Higher jet fuel and gasoline consumption will boost Beijing’s demand for oil in the fourth quarter, the Black Gold CEO says
Oil prices may surge to $100 per barrel by the end of the year, driven by a swift recovery in China’s tourism sector coupled with lower supply from major producers, according to the CEO of Black Gold Investors.
Speaking at the Asia Pacific Petroleum Conference (APPEC) in Singapore on Monday, Gary Ross noted that domestic flights in China have reached 110% of their pre-pandemic levels, up from about 75% in the fourth quarter of last year. International flights have also rebounded, from close to zero to about 75% of the level seen prior to pandemic lockdowns. The rebound sharply accelerated after China lifted its ban on group travel to most destinations last month.
“You’re gonna have a big increase in jet fuel demand probably of something like 500,000 barrels a day in China alone,” Ross predicted.

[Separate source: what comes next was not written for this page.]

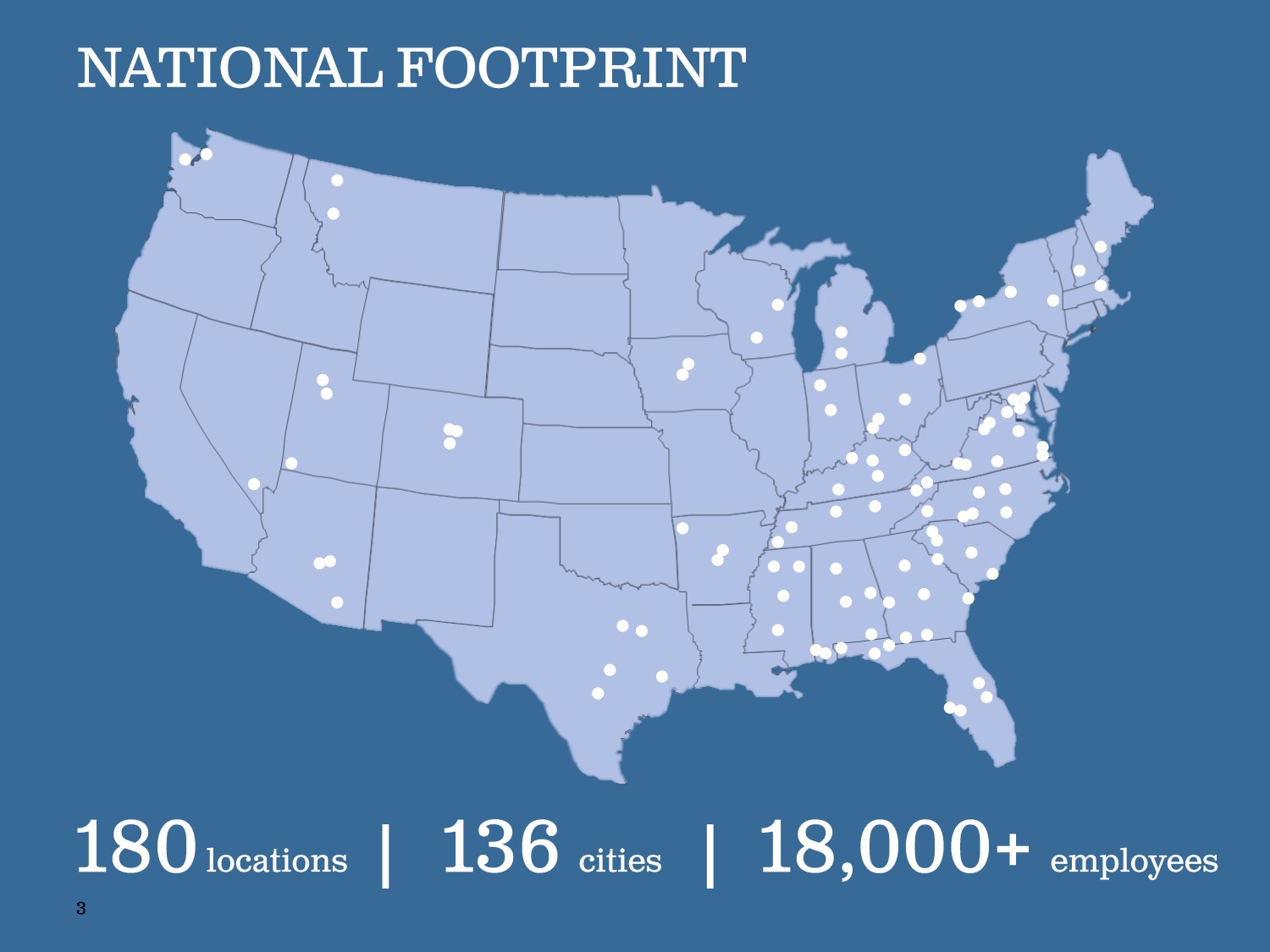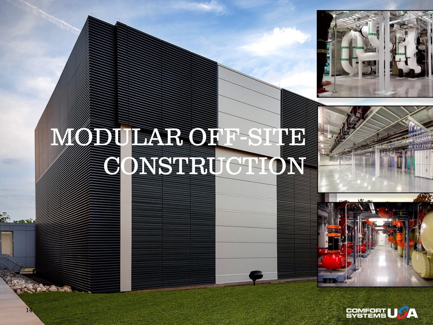 COMFORT SYSTEMS USA 2 • Leading national mechanical, electrical and plumbing (“MEP”) installation and service provider • $7.0+ billion yearly revenue • 61% industrial (including 33% tech) • 18,000+ employees • History of profitable growth and cash flow • Leading mechanical, electrical, and modular construction and service portfolio NATIONAL FOOTPRINT 3 180 locations | 136 cities | 18,000+ employees

He noted that road travel in Asia’s biggest economy has also been on the rise, and as local drivers prefer vehicles with traditional engines rather than electric ones for longer trips, demand for gasoline is likely to soar further.

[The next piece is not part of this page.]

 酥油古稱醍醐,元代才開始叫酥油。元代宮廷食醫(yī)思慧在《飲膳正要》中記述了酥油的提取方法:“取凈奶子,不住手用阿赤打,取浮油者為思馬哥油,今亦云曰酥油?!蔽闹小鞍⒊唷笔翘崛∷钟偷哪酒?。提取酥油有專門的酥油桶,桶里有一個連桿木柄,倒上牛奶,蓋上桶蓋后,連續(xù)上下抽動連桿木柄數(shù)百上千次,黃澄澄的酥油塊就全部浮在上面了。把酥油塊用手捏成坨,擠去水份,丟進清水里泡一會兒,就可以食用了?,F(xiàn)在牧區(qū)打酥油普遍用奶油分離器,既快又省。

“Gasoline sales have been absolutely astonishing during the summer… People are driving like crazy. The year-on-year comparisons are going to be dramatic… I expect a huge increase in demand in the fourth quarter of 2023,” he stated.
Meanwhile, the global oil supply has been tight due to recent output cuts by major producers, including Russia, Saudi Arabia, and their OPEC+ allies. Shipments of crude from Saudi Arabia slumped to the lowest level in almost two years in July. Due to supply constraints, global benchmark Brent crude has risen by almost a quarter since late June, trading above $90 per barrel on Tuesday. Ross believes that supply cuts may have to be halted once Brent price hits $100 per barrel.